In this section, we are trying to find the weather event combined with greatest economic loss.
The first action we taken is trying to combine the base number with the magnitude, and create a new column to the right hand of raw data, which indicated the total loss in each onset of hazard weather,
symToNum <- function(x) {
if (x == "H") {
y <- 10^2
} else if (x == "K") {
y <- 10^3
} else if (x == "M") {
y <- 10^6
} else if (x == "B") {
y <- 10^9
} else {
y <- 1
}
return(y)
}
dmgBase <- data$PROPDMG
dmgExpSym <- as.character(data$PROPDMGEXP)
dmgExpSym <- toupper(dmgExpSym)
dmgNum <- sapply(dmgExpSym, symToNum)
dmgAll <- dmgBase * dmgNum
dmgBase2 <- data$CROPDMG
dmgExpSym2 <- as.character(data$CROPDMGEXP)
dmgExpSym2 <- toupper(dmgExpSym2)
dmgNum2 <- sapply(dmgExpSym2, symToNum)
dmgAll2 <- dmgBase2 * dmgNum2
data$totEcoDmg <- dmgAll + dmgAll2
and now we can subset into corresponding weather event and sum up economic loss, as we did in last section.
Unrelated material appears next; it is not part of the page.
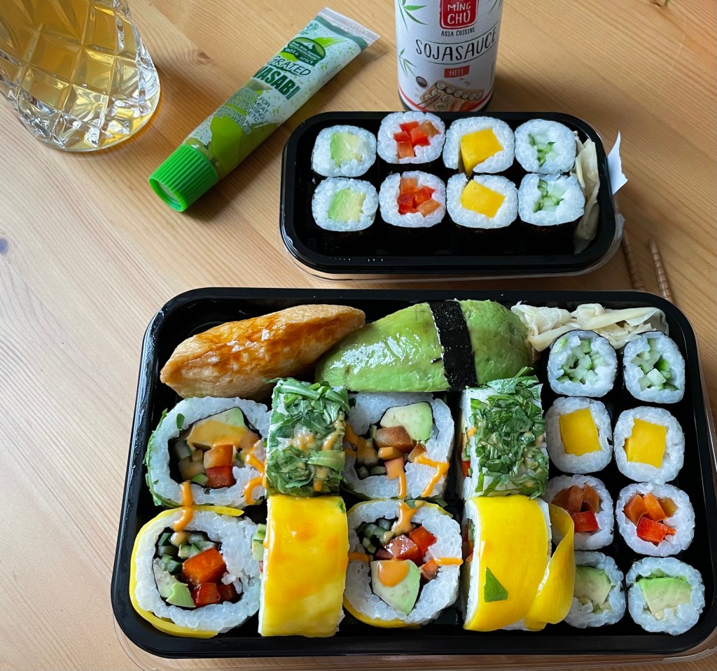 L hatte schon gestern Abend Appetit auf Sushi. Allerdings hatte ich nicht mehr genug Kalorien übrig, weshalb ich sie auf heute Abend vertröstete. Nach dem Abholen aus der Schule kauften wir uns im Marktkauf leckeres Sushi von Eat Happy. Hier stimmt für mich das Preis-Leistungs-Verhältnis noch. Ich kann mich tatsächlich schon gar nicht mehr daran erinnern, wann ich das letzte Mal in einem Sushirestaurant gegessen oder Sushi zu uns nach Hause bestellt habe.

dataEcoLoss <- split(data$totEcoDmg, as.factor(data$EVTYPE))
sumEcoLoss <- sapply(dataEcoLoss, sum, na.rm=T)
ecoLossTab <- data.frame(sumEcoLoss=sumEcoLoss, evtName=names(dataEcoLoss))
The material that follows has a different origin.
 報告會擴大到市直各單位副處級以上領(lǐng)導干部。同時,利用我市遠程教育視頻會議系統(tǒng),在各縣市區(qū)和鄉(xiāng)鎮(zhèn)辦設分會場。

ecoLossTab <- ecoLossTab[with(ecoLossTab, order(sumEcoLoss, decreasing=T)), ]
head(ecoLossTab, 10)
sumEcoLoss evtName
FLOOD 150319678257 FLOOD
HURRICANE/TYPHOON 71913712800 HURRICANE/TYPHOON
TORNADO 57352114049 TORNADO
STORM SURGE 43323541000 STORM SURGE
HAIL 18758222016 HAIL
FLASH FLOOD 17562129167 FLASH FLOOD
DROUGHT 15018672000 DROUGHT
HURRICANE 14610229010 HURRICANE
RIVER FLOOD 10148404500 RIVER FLOOD
ICE STORM 8967041360 ICE STORM
Finally, different statement is deduced, the flood weather brings the greatest economic loss based on the NOAA database records from 1950 to 2010.
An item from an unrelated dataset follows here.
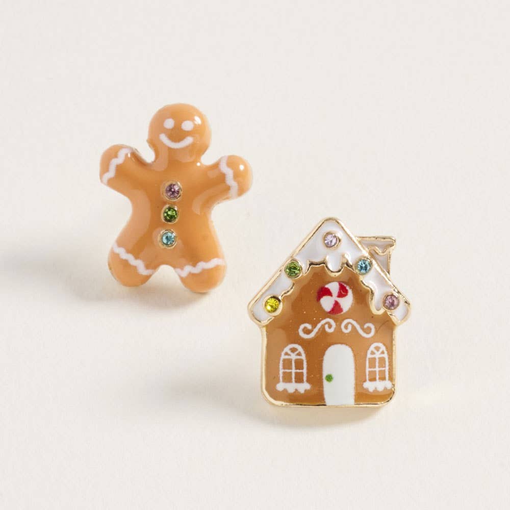 Celebrate the holiday season with charming gingerbread man and house stud earrings. Perfect for festive outfits, Christmas parties, and adding a playful holiday touch to your jewelry collection.

This report brings forward an exploration of the influence from hazard weather event based on NOAA strom database. Different outputs come up when we trying to evaluate from different aspect. The tornado is the dangerous weather to human health while the flood go with the great ecomonic loss.